Legacy Helpers (v1 compatible)

These functions are kept for backward compatibility.

# decode_all: applies URL + HTML + escape-sequence decoding in one pass
stringshift.decode_all("hello%20world")              # 'hello world'
stringshift.decode_all("&lt;b&gt;hi&lt;/b&gt;")     # '<b>hi</b>'
stringshift.decode_all("\\x", fallback="[error]")    # '[error]'  ← invalid escape

# Normalise Unicode
stringshift.normalize_text("café", "NFC")
stringshift.normalize_text("café", "NFD")

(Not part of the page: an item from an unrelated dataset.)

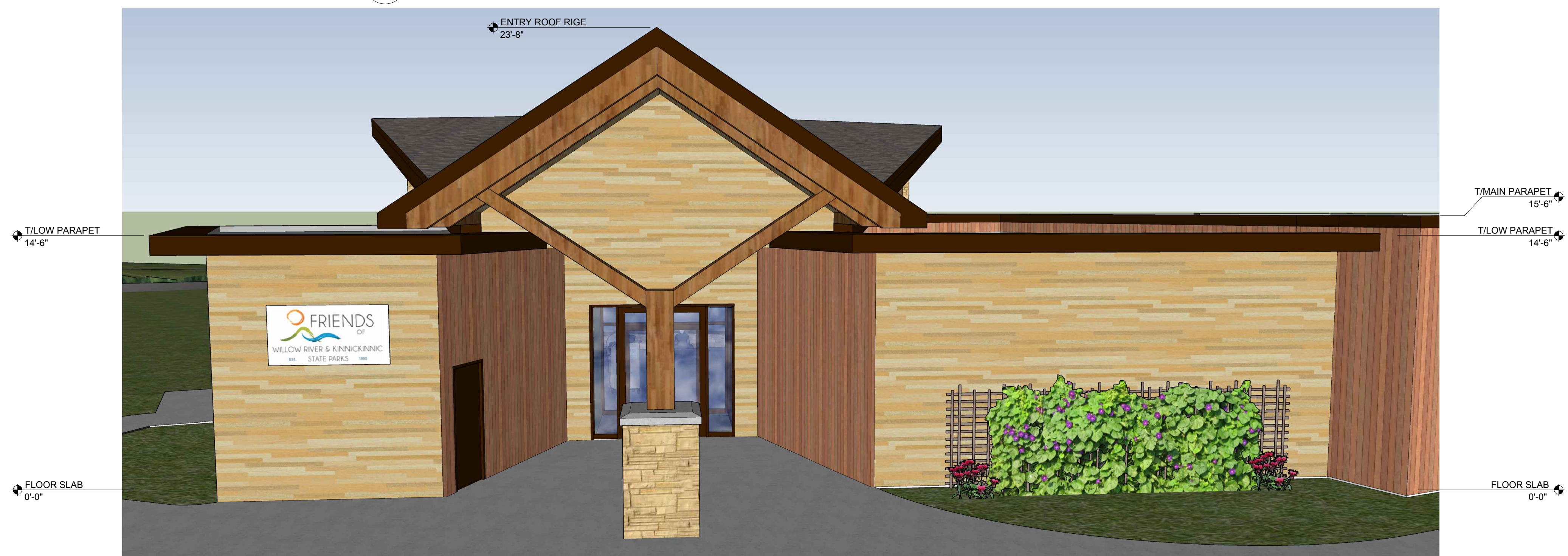
3 FRONT ENTRY EXTERIOR ELEVATION SCALE: N.T.S.

# Parallel decode_all over a list
stringshift.batch_decode(["hello%20world", "&amp;foo"])
# ['hello world', '&foo']

Format Reference

Format Encode: "Hi" Notes
base64 SGk= RFC 4648, auto-padded
base32 JBQQ==== uppercase alphabet
base16 4869 uppercase hex
base58 9Ajd Bitcoin alphabet, no 0/O/I/l
base85 LrF Python base64.b85encode
ascii85 9jqo^ Adobe variant
hex 4869 lowercase, strips 0x/spaces/colons on decode
binary 01001000 01101001 8-bit groups, space-separated
url Hi ("Hi!"Hi%21) quote(safe="")
html Hi ("<b>"&lt;b&gt;) full entity escaping
quoted_printable Hi email-safe encoding
punycode caf-dma (for café) IDN domain encoding
uuencode *2&D classic Unix transfer encoding
rot13 Uv letter-only, self-inverse
rot47 w6 all printable ASCII, self-inverse
caesar Jk (shift=1) kwarg: shift (default 13)
atbash Sr A↔Z substitution, self-inverse
vigenere Rr (key="k") kwarg: key (default "key")
xor 62 43 kwarg: key int 0-255 (default 42)
morse .... .. dots, dashes, / for space
nato Hotel India full NATO phonetic alphabet
braille ⠓⠊ Grade 1 Braille
unicode_escape \u0048\u0069 \uXXXX / \xXX sequences
reverse iH self-inverse

Running Tests

pip install pytest
pytest tests/ -v

Contributing

Pull requests are welcome. To add a new codec:

  1. Add encode_<name> and decode_<name> functions to core.py
  2. Register them in ENCODE_REGISTRY and DECODE_REGISTRY
  3. Add a round-trip test in tests/test_core.py
  4. Update the format table in this README

License

MIT — free for personal and commercial use.